Active Gamma-Ray Log Pattern Localization With Distributionally Robust Reinforcement Learning

Abstract

Accurately localizing 1D signal patterns, such as Gamma-ray well-log depth matching, is crucial in the oilfield service industry as it directly affects the quality of oil and gas exploration. However, traditional methods such as well-log curve analysis and pattern hand-picking matching are labor-intensive and heavily rely on human expertise, leading to inconsistent results. Although attempts have been made to automate this process, challenges such as low computational performance, non-robustness, and non-generalization remain unsolved. To address these challenges, we have developed a data-driven AI system that learns an active signal pattern localization strategy inspired by human attention. Our artificial intelligence system uses an offline reinforcement learning (RL) framework as its central component, which solves a highly abstracted Markov decision process problem via offline training on human-labeled historical data. The RL agent uses top-down reasoning to determine the location of target signal fragments by deforming a bounding window using simple transformation actions.
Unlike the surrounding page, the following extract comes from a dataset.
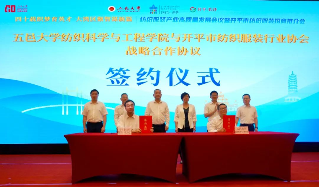紡織服裝產(chǎn)業(yè)的發(fā)展,離不開(kāi)高校的支持。五邑大學(xué)紡織科學(xué)與工程學(xué)院扎根僑鄉(xiāng)沃土,深耕紡織服裝知識(shí)和技術(shù)領(lǐng)域,為開(kāi)平、江門(mén)乃至粵港澳大灣區(qū)培養(yǎng)輸送了大批高素質(zhì)專(zhuān)業(yè)技術(shù)人才,是推動(dòng)產(chǎn)業(yè)轉(zhuǎn)型升級(jí)的“人才搖籃”和“智力寶庫(kù)”。五邑大學(xué)黨委常委、副校長(zhǎng)董超俊表示,今年正值五邑大學(xué)建校40周年,希望學(xué)校繼續(xù)發(fā)揮學(xué)科與科研優(yōu)勢(shì),與開(kāi)平紡織企業(yè)開(kāi)展更深層次、更廣領(lǐng)域的產(chǎn)學(xué)研合作,共同譜寫(xiě)“校地合作、協(xié)同創(chuàng)新”的新篇章。
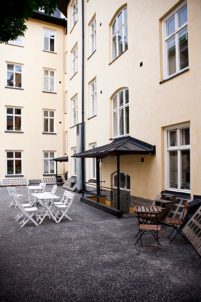 Trapphusen renoverades 2014. Den övre bården i entrén på Södermannagatan 16 är en del av den ursprungliga målningen och har gett inspiration till den övriga färgsättningen.

To overcome distribution shifts between logged data and real and ensure generalization, we propose a discrete distributionally robust soft actor-critic RL framework (DRSAC-Discrete) to solve the Markov decision process problem under uncertainty. By exploring unfamiliar environments in a restrictive manner, the DRSAC-Discrete algorithm provides a safe solution that can be used when data is limited during the early stage of this industrial application. We evaluated the reinforcement learning-based localization system on augmented field Gamma-ray well-log datasets, and the results showed promising localization capability. Furthermore, the DRSAC-Discrete algorithm demonstrated relatively robust performance guarantees when facing data shortage.